Delta de Venus (23 page)

La mayor aventura de Maman había sido el desfile de los soldados escoceses, una mañana de primavera. Había oído en un bar una conversación acerca de ellos.

—Los reclutan jóvenes —contaba un hombre— y los instruyen en ese paso. Se trata de un paso especial. Difícil, muy difícil. Hay un
coup de fesse
, un balanceo, que hace que las caderas y la escarcela se muevan precisamente al mismo tiempo. Si la escarcela no se mueve, hay fallo. El paso es más complicado que un ballet.

Maman pensaba: «Si la escarcela se mueve y la falda también, entonces también tienen que moverse otros adornos.» Y su viejo corazón se sintió conmovido.

Moverse. Moverse. Todo a la vez. Era un ejército ideal. Le hubiera gustado alistarse en un ejército así, para desempeñar cualquier función. Uno, dos, tres. Ya estaba lo bastante conmovida por las agitaciones de todo lo que colgaba cuando el hombre del bar añadió:

—¿Sabes? No llevan nada debajo.

No llevaban nada debajo! ¡Aquellos hombres fornidos, con tanto aplomo, tan vigorosos! Cabezas altas, piernas fuertes y desnudas, faldas —bueno, eso los hacía tan vulnerables como una mujer—. Hombrones fuertes, tentadores como una mujer y desnudos por debajo. Maman quería convertirse en adoquín, ser pisoteada para poder mirar por debajo de la corta falda la «escarcela» oculta balanceándose a cada paso. Maman se sintió congestionada. En el bar hacía demasiado calor. Necesitaba aire.

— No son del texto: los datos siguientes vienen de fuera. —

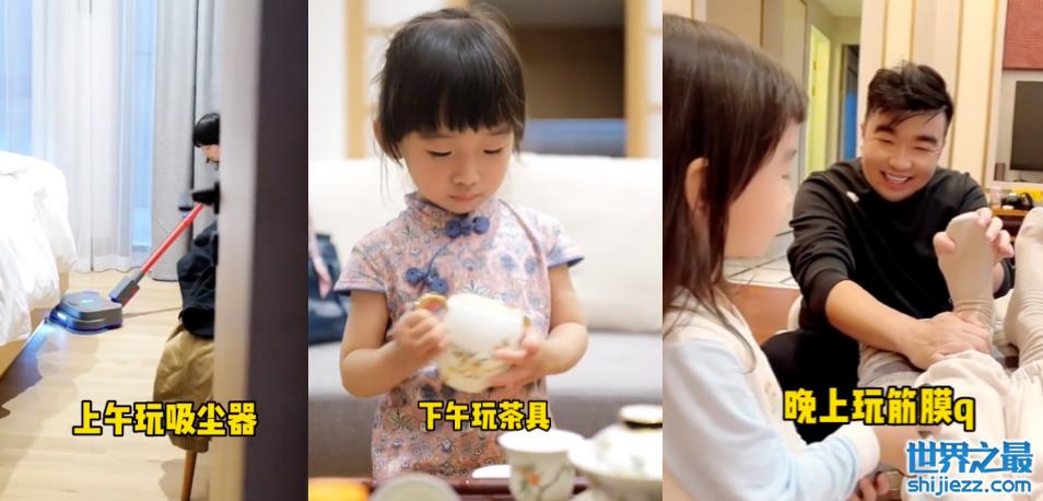 在这段视频里,何雯娜又幽默的方式说给女儿超可爱准备了很多“玩具”,比如吸尘器,茶具还有筋膜枪。实际上是让女儿自己动手做家务,不管她做的好不好,在另一方面也是锻炼了女儿的动手能力。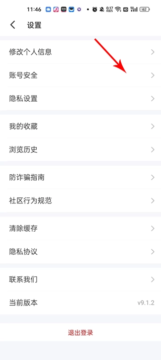 3、进入设置页面,往下滑动,找到【账号安全】;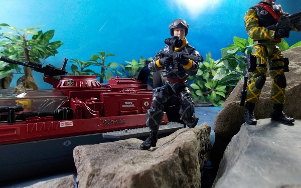 As they approach the northern shore of the river, two South American Cobra agents, Trigger and Lightning, specially outfitted with state-of-art Python camouflaged uniforms, patrol the river in the Cobra Water Moccasin.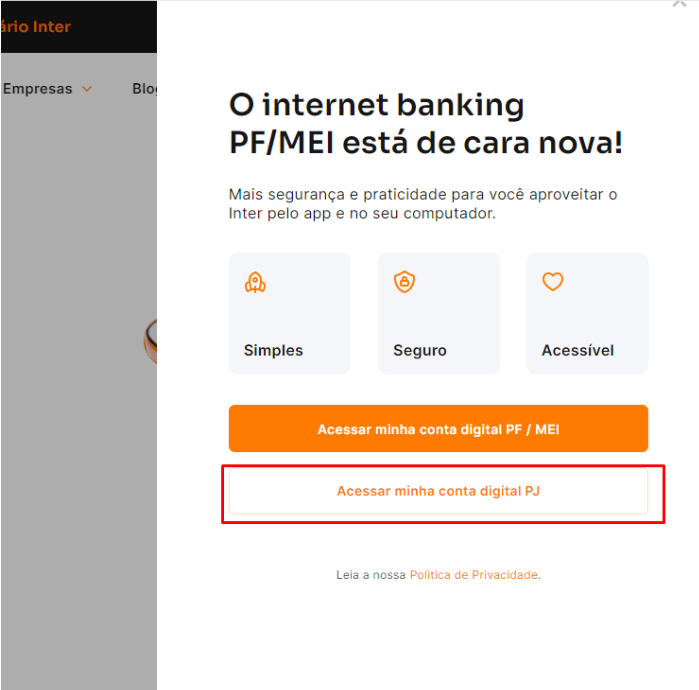 O primeiro passo para realizar a integração com o WebService, é acessar a sua conta do Banco Inter, utilizando uma conta de pessoa Jurídica: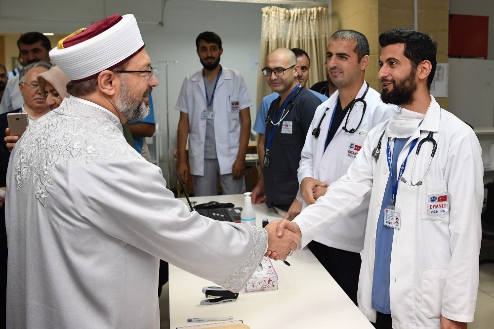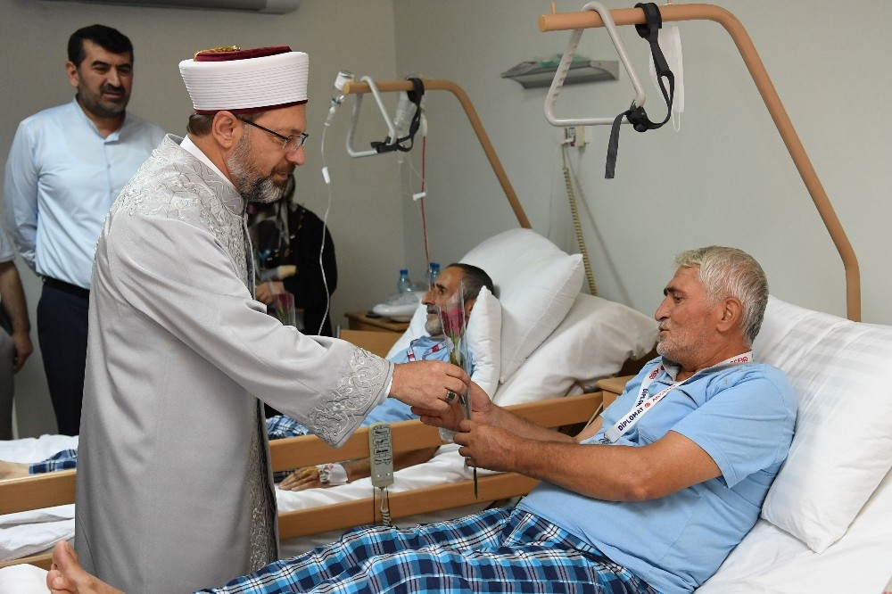Yapılan basın toplantısının ardından hastaları ziyaret eden Erbaş, yatakta tedavi gören hastaları ziyaret etti. Erbaş, hastalara gül hediye ederek geçmiş olsun dileğinde bulundu.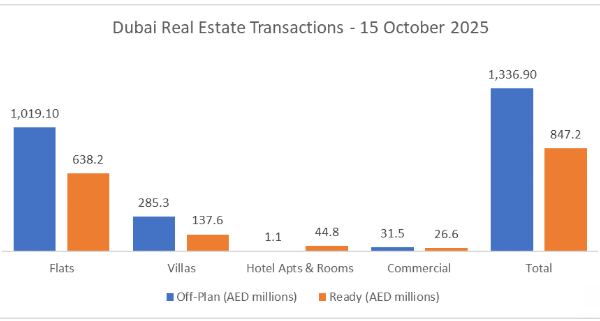 On the 15-Oct-2025, the total transacted value reached AED 2,184.2 million. Off-plan dominated with AED 1,336.9 million (61.2%), while Ready accounted for AED 847.2 million (38.8%).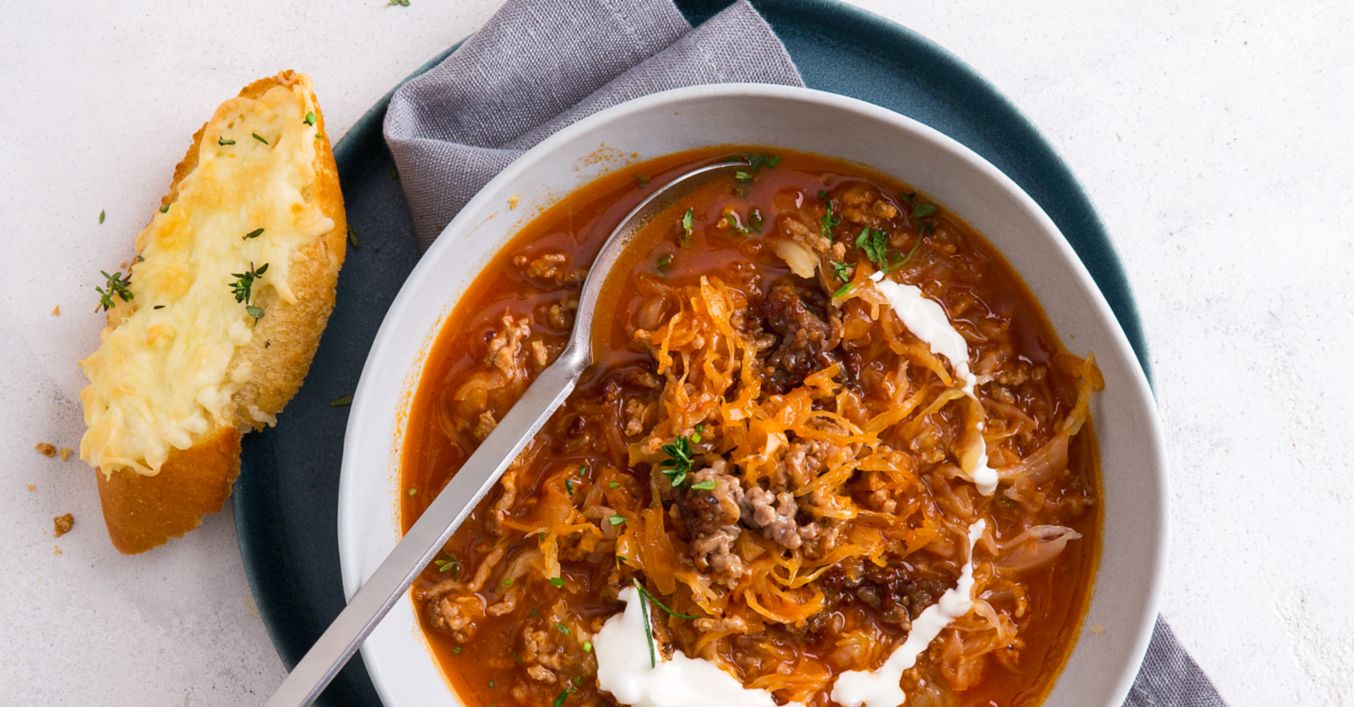 Vydatná polévka s kysaným zelím a sýrovou bagetou

Presenció el desfile. Cada paso que daban los escoceses era como si lo dieran en todo el cuerpo de Maman, que vibraba al compás. Uno, dos, tres. Una danza sobre su abdomen, salvaje y uniforme, con la escarcela de piel bamboleándose como vello púbico. Maman estaba tan caliente como un día de julio; quería abrirse paso hasta la primera fila de la aglomeración y luego caer de rodillas y simular un desvanecimiento. Pero todo lo que vio fueron piernas evanescentes bajo las faldas plisadas a cuadros. Más tarde, recostada en la rodilla de un policía, puso los ojos en blanco como si fuera a darle un ataque. ¡Si el desfile pudiera girar y pasarle por encima!

Así, la savia de Maman nunca se secaba, pues era convenientemente alimentada.

Por la noche, su carne era tan tierna como si se hubiera cocido a fuego lento durante todo el día.

Sus ojos pasaban de los clientes a las mujeres que trabajaban para ella. Sus rostros no atraían en absoluto su atención, sólo sus cuerpos, de cintura para abajo. Las hacía darse la vuelta delante de ella y les propinaba una palmadita para sentir la firmeza de su carne, antes de que vistieran sus camisas.

Conocía a Melie, que se enrollaba alrededor de un hombre como una cinta y le producía la sensación de que varias mujeres estaban acariciándolo. Conocía a la perezosa, que fingía estar dormida y permitía a los hombres tímidos audacias a las que con ninguna otra se hubieran atrevido; les dejaba que la tocaran, la manipularan y la exploraran, como si hacerlo no entrañara peligro. Su cuerpo voluminoso escondía sus secretos en ricos repliegues que su indolencia permitía exponer a los dedos fisgones.

Maman conocía a la delgada y fiera que atacaba a los hombres y les hacía sentirse víctimas de la circunstancia. Era una gran favorita de los que se sentían culpables.

Hacía que se dejaran violar, y de ese modo su conciencia quedaba en paz. Así podrían decir a sus esposas: «Se lanzó sobre mí y me forzó a poseerla», etcétera.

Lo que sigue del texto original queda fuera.